Будучи уверенным в неспособности женщины держать язык за зубами и не болтать лишнего, Корах не стал доверять Орпе правду, но предпочел сообщить всё, кроме правды. “Жена, конечно, наслушается сплетен на стороне, – подумал Корах, – но моя обязанность, как мужа и хозяина семьи, вдолбить в бездумную бабью голову нечто простое и понятное. Пусть она примет за действительное мною желаемое. Сохранение тайны в тайне никогда не повредит владельцу тайны”.

– Ты задала мне, женушка, два коротких вопроса и получишь на них два коротких ответа, – строго предупредил Корах.

– Не размазывай кашу по чашке! – бросила Орпа.

– Отвечаю на первый вопрос – откуда у меня богатство? Накануне нашего выхода из Египта фараон наградил меня за самоотверженный счетоводческий труд. Ясно?

– Ясно.

– Отвечаю на твой второй вопрос – сколько добра мне подарено? Три мешка семенной пшеницы и сундучок с драгоценными камнями. Ясно?

– Ясно. А почему люди рассказывают о несметных сокровищах?

– Я не намерен отвечать на новые твои вопросы и не собираюсь опровергать ложь ничтожных завистников!

– Я видела, как ты присматривал в пути из Египта за тремя сотнями тяжело нагруженных ослов! Что бы это значило?

– Ты вечно за мной подглядываешь, ревнивица! Откуда мне знать, чем были нагружены ослы? Думаю, везли они материал для постройки скинии.

***

Плавный ход супружеской беседы был прерван внезапным появлением юной Адасы, дочери Кораха и Орпы.

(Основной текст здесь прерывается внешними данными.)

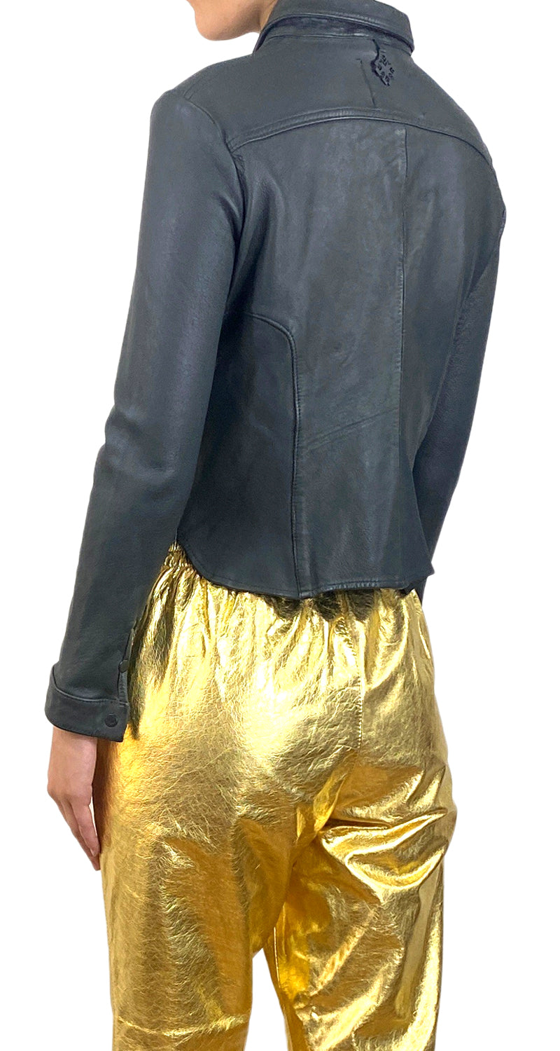 Camisa de cuero color Negro con bolsillos delanteros, broches negros frontales y en mangas.
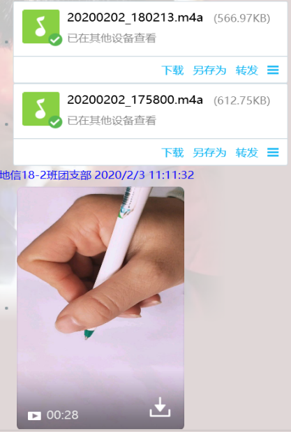 此次团日活动形式为线上。2月1日团支书和班长在班群上传相关文件号召大家积极加入其中。因最近新型冠状病毒的情况是大家关注的重点,所以我们的活动主题为“为武汉加油”,不到一天的时间就收到了同学们各种形式的成果,其中有最真挚的祝福语“相信我们伟大的医护团队和伟大的祖国,让我们用坚强、团结、积极、向上的行动来表达我们对疫情地区同胞的关怀对前线医护团队的敬意,用最真诚的祝福对所有在疫区中的同胞们说一句:武汉加油,中国加油!”、有录制的手写祝福,也有剪辑的视频和录制的音频等。内容多样,祝福真切,无不显示出同学们对国情的密切关注和对祖国寄予的美好祝愿以及积极参与其中的热情。
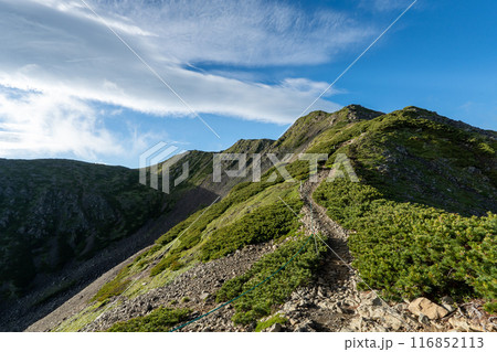 仙丈ケ岳登山道から望む南アルプスの山並みと塩見岳②
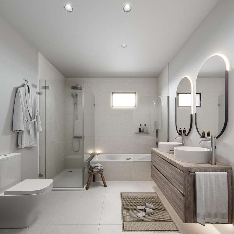 Los interiores de los apartamentos están diseñados con un enfoque en la funcionalidad y la luminosidad. Los salones-comedor, abiertos y ventilados, se llenan de luz natural gracias a los grandes ventanales que conectan con las terrazas, creando una sensación de continuidad entre el interior y el exterior. Los espacios han sido cuidadosamente distribuidos para maximizar el bienestar, con materiales de alta calidad y acabados modernos que reflejan la elegancia y el confort. Los dormitorios, amplios y acogedores, están pensados para ofrecer un refugio de descanso, mientras que los baños y cocinas están equipados con lo último en diseño y tecnología para garantizar una experiencia de vida contemporánea y placentera.
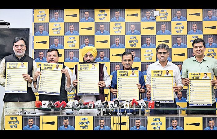 વચગાળાના જામીન પર છુટેલા દિલ્હીના મુખ્યમંત્રી અરવિંદ કેજરીવાલ હાલ લોકસભા ચૂંટણી વચ્ચે પુરજોશમાં પ્રચારમાં લાગી ગયા છે. કેજરીવાલે દેશવાસીઓને 10 ગેરંટી આપી છે, જેમાં ગરીબોને મફત વીજળી, દરેક ગામ અને મહોલ્લામાં કલીનીક, અગ્નિવીર યોજના બંધ કરવી, ભ્રષ્ટાચારના વોશિંગ મશીનને છડેચોક તોડવું અને મફત શિક્ષણ જેવી ગેરંટીઓ સામેલ છે.
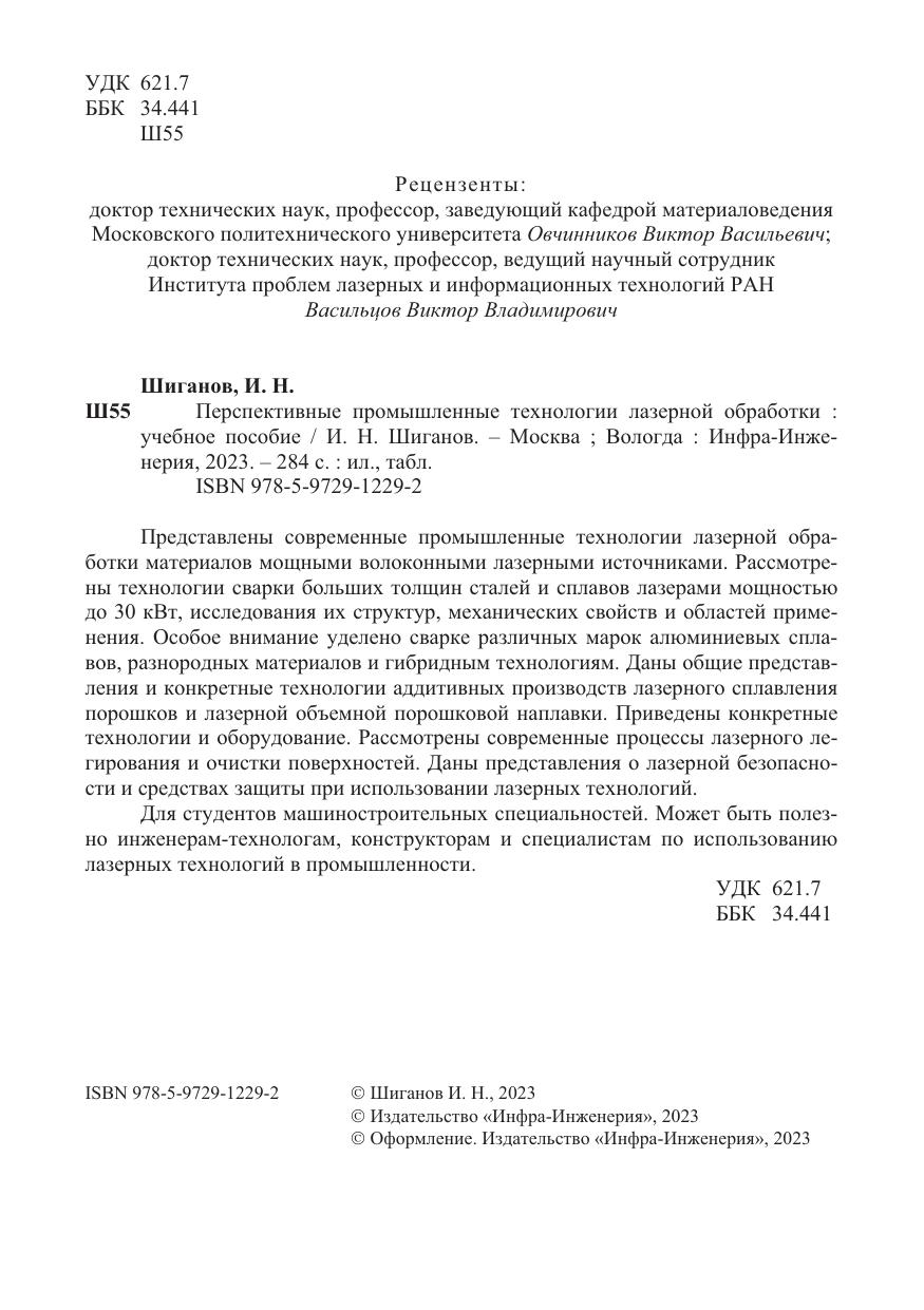 Представлены современные промышленные технологии лазерной обработки материалов мощными волоконными лазерными источниками. Рассмотрены технологии сварки больших толщин сталей и сплавов лазерами мощностью до 30 кВт, исследования их структур, механических свойств и областей применения. Особое внимание уделено сварке различных марок алюминиевых сплавов, разнородных материалов и гибридным технологиям. Даны общие представления и конкретные технологии аддитивных производств лазерного сплавления порошков и лазерной объемной порошковой наплавки. Приведены конкретные технологии и оборудование. Рассмотрены современные процессы лазерного легирования и очистки поверхностей. Даны представления о лазерной безопасности и средствам защиты при использовании лазерных технологий.

– Адаса, ты входишь в родительский шатер без предупреждения. Мало ли о чем могут говорить мать с отцом! – назидательно произнес Корах.

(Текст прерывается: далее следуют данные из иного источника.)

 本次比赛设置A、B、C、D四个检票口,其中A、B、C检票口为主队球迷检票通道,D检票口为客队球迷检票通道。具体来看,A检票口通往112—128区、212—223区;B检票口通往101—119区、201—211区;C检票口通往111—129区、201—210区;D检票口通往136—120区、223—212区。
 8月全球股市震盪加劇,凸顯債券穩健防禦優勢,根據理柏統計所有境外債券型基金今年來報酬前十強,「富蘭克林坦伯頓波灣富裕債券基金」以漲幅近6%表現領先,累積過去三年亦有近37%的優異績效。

– Виновата, батюшка, не серчай и прости, мне не терпится поделиться своей скорбью с тобою и с матушкой! – смиренно ответила Адаса.

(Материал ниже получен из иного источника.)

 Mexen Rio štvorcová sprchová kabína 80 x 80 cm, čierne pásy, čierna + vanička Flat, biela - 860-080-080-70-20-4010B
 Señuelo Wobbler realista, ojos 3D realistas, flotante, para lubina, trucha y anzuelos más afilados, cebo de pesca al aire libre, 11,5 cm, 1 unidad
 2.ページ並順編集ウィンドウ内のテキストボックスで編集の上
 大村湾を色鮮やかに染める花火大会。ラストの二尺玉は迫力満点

– Ах, Корах, не слишком ли ты строг к дочери? – запротестовала Орпа.

– Я строг, но справедлив!

– Знаю: отец мой добр при всей строгости своей и справедлив! – поддакнула Адаса.

– У тебя красные глаза, девонька! Случилось что?

– Я всю ночь очей не сомкнула и горько плакала, матушка!

– Что болит у тебя? Животик, головка? – встревожилась Орпа.

– Душа болит, матушка!

– Отчего это у такой молодой девицы душа болит? – удивился Корах.

 

– Я полюбила, и я любима, но нет надежды! – пролепетала Адаса и не сдержала рыданий.

– Утри слезы, бедняжка! – сострадательно воскликнула Орпа, протягивая дочери свой грубой ткани платок, – расскажи нам с отцом, кто он, твой принц?

– Он и вправду наследный принц, – пробормотала Адаса.

– Откуда он, где видалась с ним? – строго спросил отец.

– Он сын царя. Отец его правит страною, что возле Ханаана. Мы, кажется, направляемся в те самые края?

– В те самые, в те самые! А где видалась с ним, и что было меж вами? – не сдержала нетерпения Орпа.

– Гуляла с воспитательницей, отошли немного от лагеря, а тут охотники чужие. Во главе ватаги прекрасный юноша на коне. Увидал меня, глаза его загорелись, сказал, что полюбил с первого взгляда и хочет взять в жены. Но отец разрешит ему жениться только на царевне или дочери начальника над народом. Что мне делать теперь – не знаю!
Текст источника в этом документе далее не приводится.